How to Use Dignity in a Reading

Once you’re used to thinking of the cards as playing nicely or not with one another, you can read the dignity of each card to determine whether it’s strongly or weakly disposed – that is to say, whether you read the “upright” or “reversed” meaning. This can get more complex as you go: rather than just using dignity as a replacement for flipping half the deck upside down, you can get extra data about the situation. If the “resources at your disposal” card is the only wand in a spread of cups, your resources, no matter how nice, aren’t going to be very helpful in this specific situation. Your enemy may be the King of Swords but everyone else in the situation is a Coin – they may have the best plan in the world, but if you focus on the material aspects of the conflict you’ve got a better chance than that king does.

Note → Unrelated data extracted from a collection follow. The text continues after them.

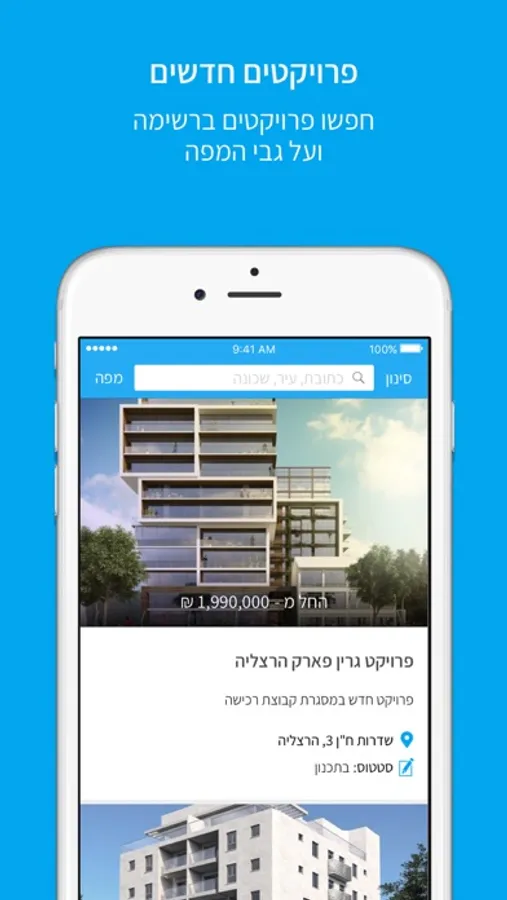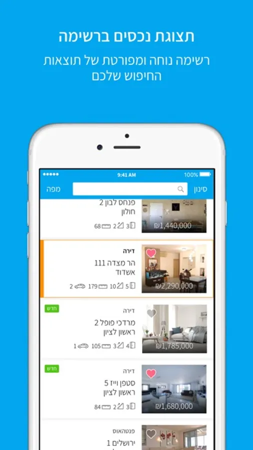 • תצוגה חכמה - תוכלו לבחור בין תצוגת הדירות על גבי מפה לבין תצוגה ברשימה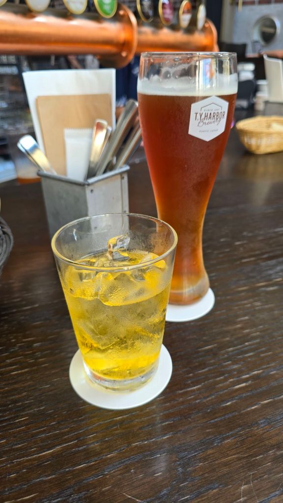 Et, maintenant, je me restaure, en mode occidental, dans une brasserie au doux nom de TY Harbor, IPA et sandwich de légumes au menu, thé glacé et café filtre, pour re-pigmenter.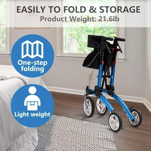 Rollator Walkers for Seniors, Ultra Folding Rollator Walker with Seat 10″ Front TPU Soft Wheels, Medical Rollator Walker with Comfort Handles and Foam Padded Backrest & Durable Brakes (Blue)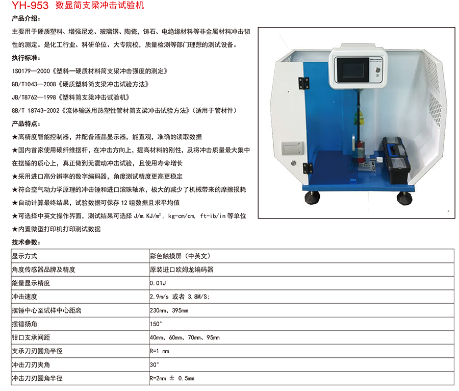 YH-953数显简支梁冲击试验机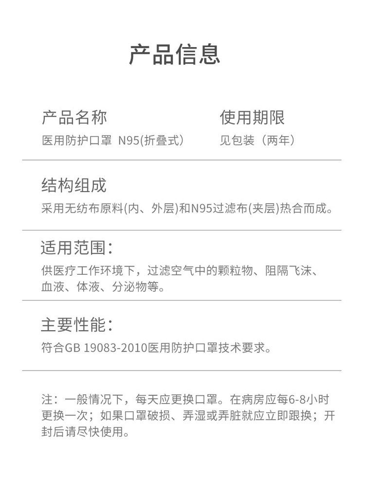 | 使用方法 | 1.打开产品包装,取出口罩,将有鼻夹一端向上,有包边一面朝外,轻拉耳带将口罩挂于双耳,应避免手部接触口罩内侧。 2.轻按鼻夹使其与鼻梁贴合,然后按住鼻夹。将口罩下端向下拉至下颌处,使折叠边完全展开。 3.整理口罩佩戴效果,使口罩能罩住使用者的鼻、口至下颌并保证口罩的密闭性。 |

Apart from a skill you may or may not have already practiced, what this exercise will do is to give you some experience looking at one card and then reading it in context. With dignities, no card is ever totally isolated.

Summary

Let’s loop back around. Contact your new partner and prep two questions or one big topic that can produce two questions. Then, when you perform your own readings, do the first with reversals and the second with the above dignity method. When you write up your experiences, consider of course which you think you prefer, but also how you might use either method even if you don’t do it this exact way again. What’s good about each method? If you felt you were struggling to connect cards together, has this helped? Does it produce information you didn’t think you had before? Or, and this is an option, was it totally useless? Hopefully not totally, since it’s good exercise, but not everyone likes doing wind sprints either I guess. Me. I’m the person who doesn’t like doing wind sprints.